What to do? Since the start of the war, outsiders have hoped that China might use its influence and leverage to get Moscow to cut a deal and end the fighting. Those hopes have been disappointed thus far, in part because China has benefited from the war in several obvious ways. Western sanctions made Russia even more dependent on China, provided Beijing with oil and gas at discount prices, and prevented the United States from focusing more attention on Asia. But letting the war drag on endlessly presents problems for Beijing, too. China is eager to mend fences with Europe; get trade, investment, and advanced technology flowing unimpeded; and gradually drive a wedge between Europe and the United States. Although China’s leaders have tried to portray themselves as a disinterested party to the conflict, being one of Russia’s best friends while it assaults Ukraine undermines every one of these goals.
There is some reason to believe, therefore, that China’s leaders might like the war to end sooner rather than later, and that in the right circumstances, they would be willing to use their influence toward that end.

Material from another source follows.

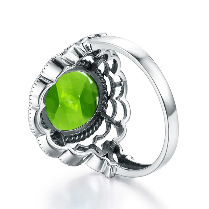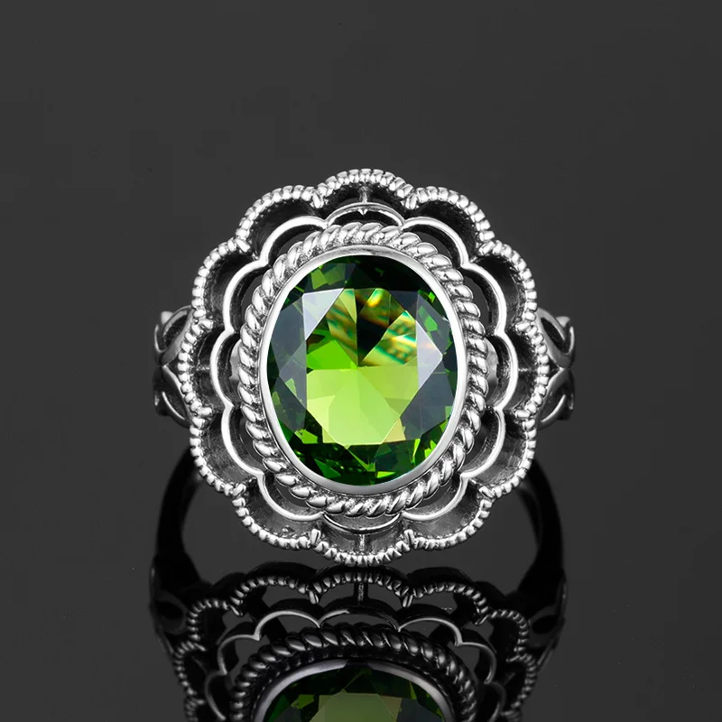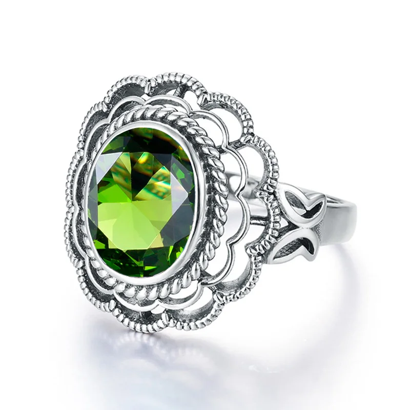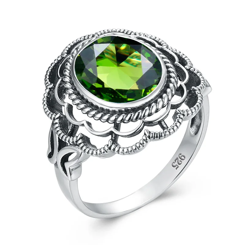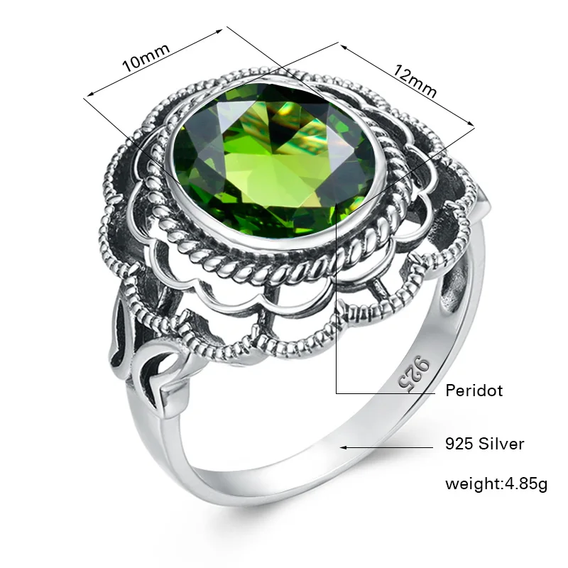Бренд: Rosewood StoryТип камня: перидотРазмер основного камня: 10*14 ммЧеткость камня: VVSЦвет камня: ПрозрачныйФорма камня: овальнаяТип металла: твердый 925 пробы серебристыйMeatal Цвет: античное сереброВес изделия: 4,41 гРазмер кольца: США #5,#6, #7,#8,#9,#10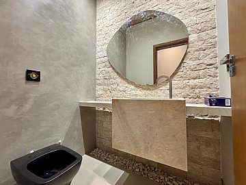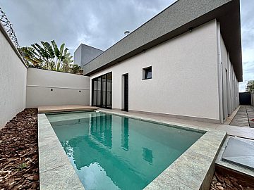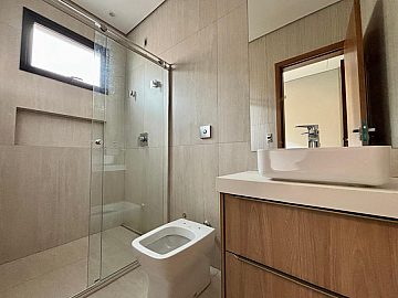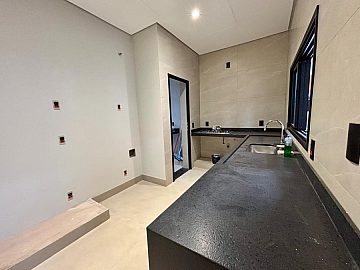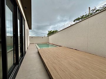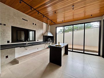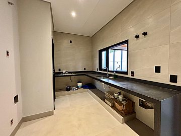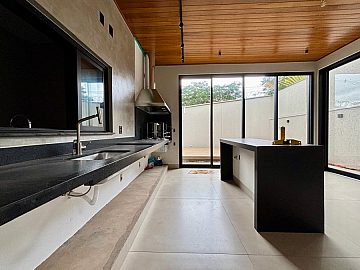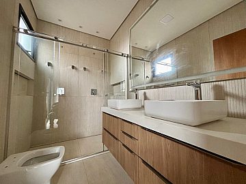 3 suítes com persianas blackout - máster com porta balcão, cubas e chuveiros duplos, ampla sala 2 ambientes com pé direito duplo, escritório, lavabo, cozinha reservada, área gourmet com churrasqueira, piscina em alvenaria com hidro, iluminação e aquecimento, vestiário externo e lavanderia. Completa em armários, box e espelhos. Louças e metais de 1ª linha. Preparação para fotovoltaica, ar-condicionado e lava louças. Fachada imponente. 4 vagas, sendo 2 cobertas.

That possibility alone ought to worry U.S. policymakers: What if Beijing followed up on its successful mediation effort between Iran and Saudi Arabia by positioning itself as the broker of peace in Ukraine? If China could pull that off—admittedly, a very big “if”—it would strengthen its efforts to portray the United States as a declining power that is better at sowing strife and conflict than at fostering cooperation, and it would burnish China’s image as a rising power genuinely devoted to peace and harmony.